Сборы были недолги. К вечеру, лишь спала жара, посольский поезд двинулся дальше, на Дилеман. Кто не мог сидеть на коне, тех привязывали; других, как уже повелось, персидские мужики, сидя на конском крупе, удерживали за бедра. Иные посольские люди, свалясь с седла, умирали в пути, иных, привязанных к седлу, привозили мертвыми в стан. А тут еще шесть кречетов из десяти, должно быть от жары, забились и умерли. Когда узнал о том великий посол, то сильно закручинился и со вздохом сказал:

— Беда-то какая великая!

Вскоре и дьяку уже не под силу стало сидеть в седле, и персидские мужики понесли его на носилках — глухо занавешенной постели с высоким балдахином. По обе стороны носилок с понурыми лицами ехали на конях его ближние люди, подьячий Дубровский и толмач Свиридов. То и дело они заглядывали за занавеску и прислушивались: не кличет ли их великий посол, не стонет ли, дышит ли еще?

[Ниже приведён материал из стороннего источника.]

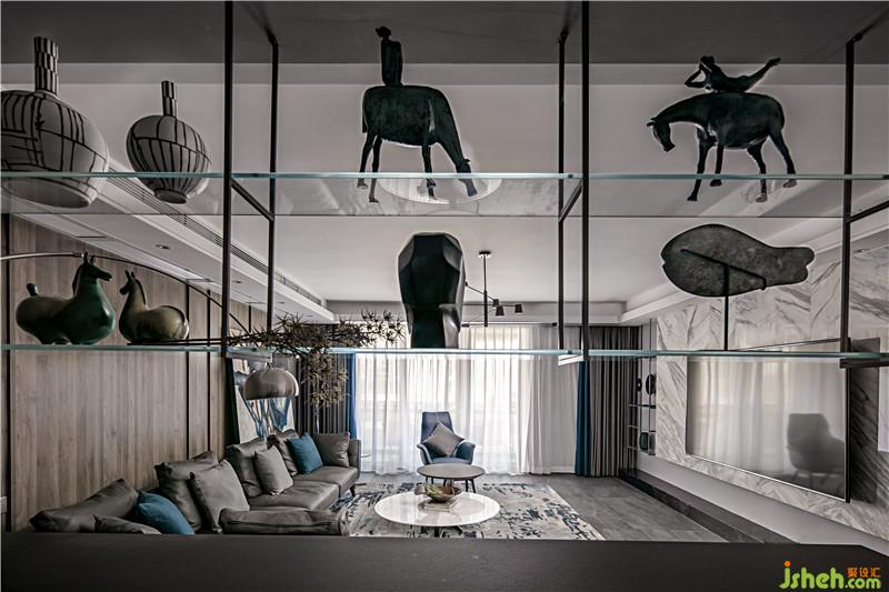 客廳左邊設(shè)計(jì)了玻璃金屬層板與進(jìn)門口鞋柜上方的玻璃層板呼應(yīng)。

И свершилось: на третий день по выходе из Лахиджана, около полудня, государева посла, дьяка Семена Емельянова, не стало. Раз отмолчался он на тревожный зов ближних людей своих, другой, третий. Откинули полог носилок, а дьяк уже похолодел, мертвая, отяжелевшая голова его, в лад шагу носильщиков, моталась вправо-влево по шелковой, шитой цветами подушке.

— Ведь остерегал его, — с укором проговорил толмач Свиридов. — Христом богом молил, не поспешал бы зря, дал бы отдых себе и людям. Ан нет, не захотел…

— Не пусторечь, Степан, — сказал подьячий Дубровский. — Не его веленьем — волей Москвы поспешали.

Поезд остановился, уныние охватило посольских людей, затерянных в чужой, дальней стороне. В молчании сошли они — кому под силу было — с коней на раскаленную землю; остальных сняли персидские мужики.

Кузьма — его не брала огненная немочь — склонился над Ивашкой Хромовым. Щеки Ивашки втянулись, глаза ввалились, на желтом костистом лице только и осталось от прежнего, что озорные, вразлет, брови.

— Ай худо тебе, Ивашка? Гляди не помри!

— Не помру, Куземушка… Время мое не вышло.

Узнав о смерти московского посла, пристав Шахназар снарядил в Казвин гонца, приказав ему известить о том Мелкум-бека. Через восемь дней гонец привез ответную весть от Мелкума: по шахову велению поставить над могилой московского посла великую гробницу каменную.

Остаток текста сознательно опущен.